• _Work required_:
With the pictures removed, write out the data below exactly.

• _Dataset excerpt_:

————————

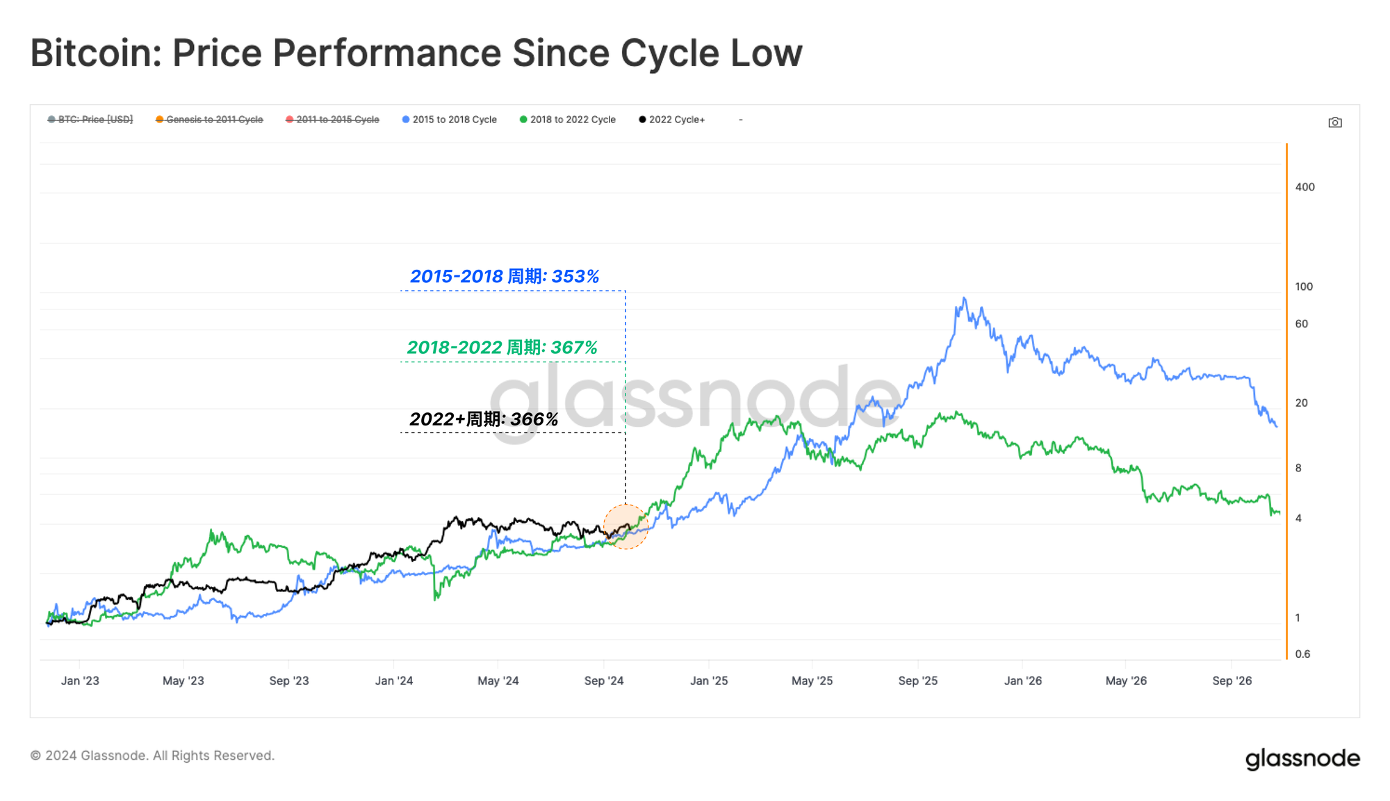 - 当我们比较比特币自熊市低点以来的周期性价格表现时,过去三个周期的价格走势表现出惊人的相似性,指数几乎处于相同位置。
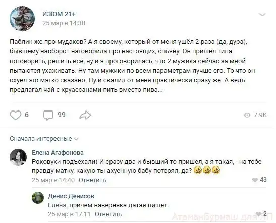 Комментарии к постам в разных группах
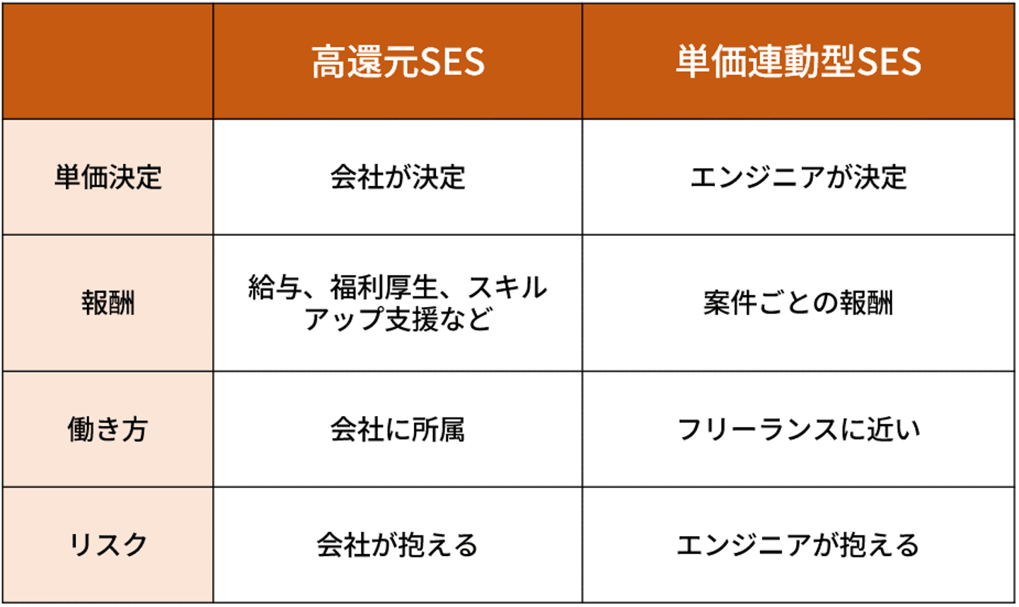 高還元SESと単価連動型SESは、どちらもエンジニアにとって魅力的な働き方ですが、いくつかの違いがあります。

————————

• _Exercise answer_:
 - 当我们比较比特币自熊市低点以来的周期性价格表现时,过去三个周期的价格走势表现出惊人的相似性,指数几乎处于相同位置。
 Комментарии к постам в разных группах
 高還元SESと単価連動型SESは、どちらもエンジニアにとって魅力的な働き方ですが、いくつかの違いがあります。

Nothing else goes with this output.